Competing Interests: The authors have declared that no competing interests exist.
Protein-protein interactions (PPIs) are integral to virtually all
cellular processes, such as metabolism, signaling, regulation, and
proliferation. Collecting data on individual interactions is crucial
for understanding these processes at a systems biology level [1].
Known PPIs help to predict the function of yet uncharacterized
proteins, for instance using conserved PPI networks [2] or
proximity in a PPI network [3]. Networks can be generated from
molecular interaction data and are useful for multiple purposes,
such as identification of functional modules [4] or finding novel
associations between genes and diseases [5].

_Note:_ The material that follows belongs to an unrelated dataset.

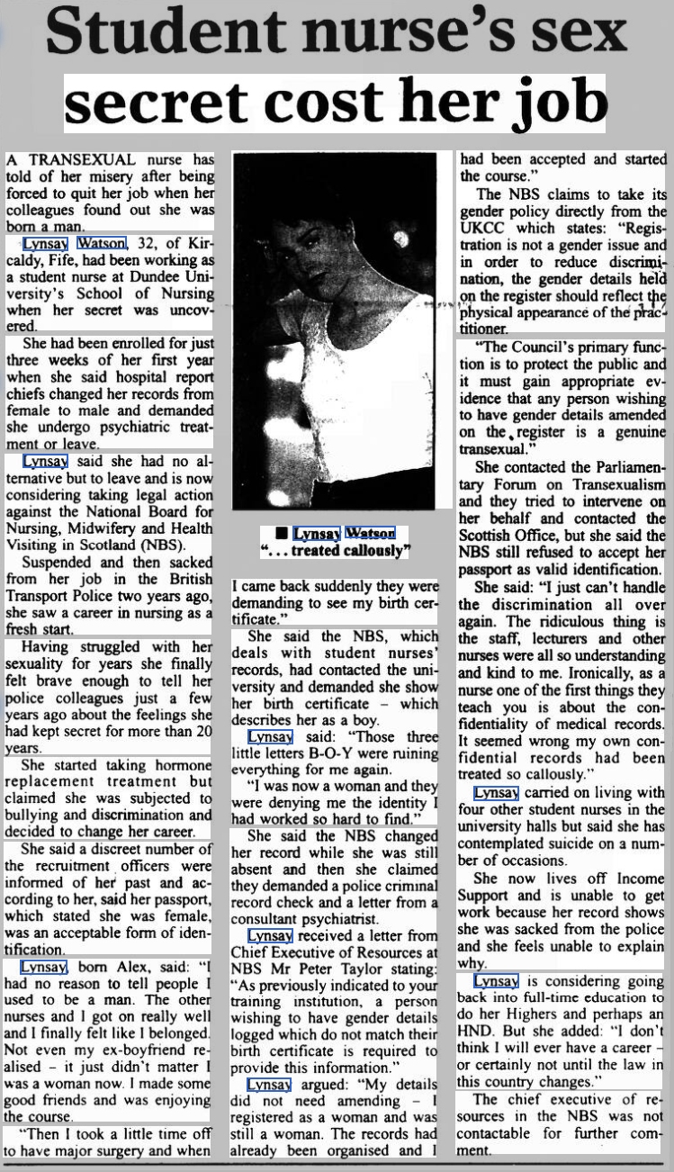 After being kicked out of the cops, the newly-renamed Watson (seemingly after having had sex-change surgery in the intervening period) tried in 1999 to become a nurse without disclosing that he was male. After being asked to provide the nursing board with details of his psychiatric or criminal records, both of which he refused to do, he chose to leave the nursing course he’d been on at Dundee University.

Several approaches are in use to study interactions in large- or
small-scale experiments. Among the techniques most often used
are two-hybrid screens, mass spectrometry, and tandem affinity
purification [6]. Results of high-throughput techniques (such as
two-hybrid screens and mass spectrometry) usually are published
in tabular form and can be imported by renowned PPI databases
quickly. These techniques are prone to produce comparably large
numbers of false positives [7]. Other techniques, such as
coimmunoprecipitation, cross-linking, or rate-zonal centrifugation,
produce more reliable results but are small-scale; these are
typically used to verify interesting yet putative interactions,
possibly first hypothesized during large-scale experiments [8].

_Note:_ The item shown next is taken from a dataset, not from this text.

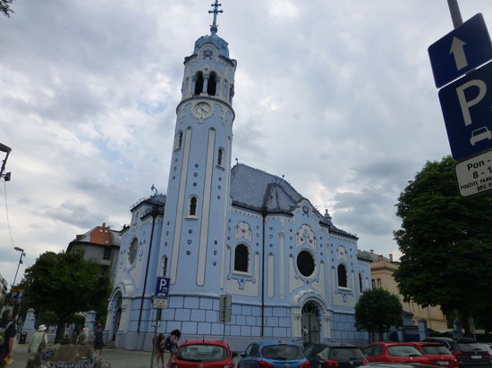 Danach schauen wir uns noch die blaue Elisabethkirche an. Ein etwas schräges Jugendstilgebäude - ein Mischung aus Hundertwasser und Schwimmhallenblau - aber leider geschlossen. So können wir das kuriose Stück nur von außen bewundern.

Only now, authors started to submit results directly to PPI
databases in a regular manner, oftentimes as a step required by
publishers to ensure quality.
Taking into account the great wealth of PPI data that was
published before the advent of PPI databases, it becomes clear that
still much valuable data is available only in text. Turning this
information into a structured form is a costly task that has to be
performed by human experts [9]. Recent years have seen a steep
increase in the number of techniques that aim to alleviate this task
by applying computational methods, especially machine learning
and statistical natural language processing [10]. Such tools are not
only used to populate PPI databases, but their output is often also
used directly as independent input to biological data mining (see,
e.g., [11,12]).
The most important way of conveying new findings in
biomedical research is scientific publication. In turn, the
most recent and most important findings can only be
found by carefully reading the scientific literature, which
becomes more and more of a problem because of the
enormous number of published articles. This situation has
led to the development of various computational
approaches to the automatic extraction of important facts
from articles, mostly concentrating on the recognition of
protein names and on interactions between proteins (PPI).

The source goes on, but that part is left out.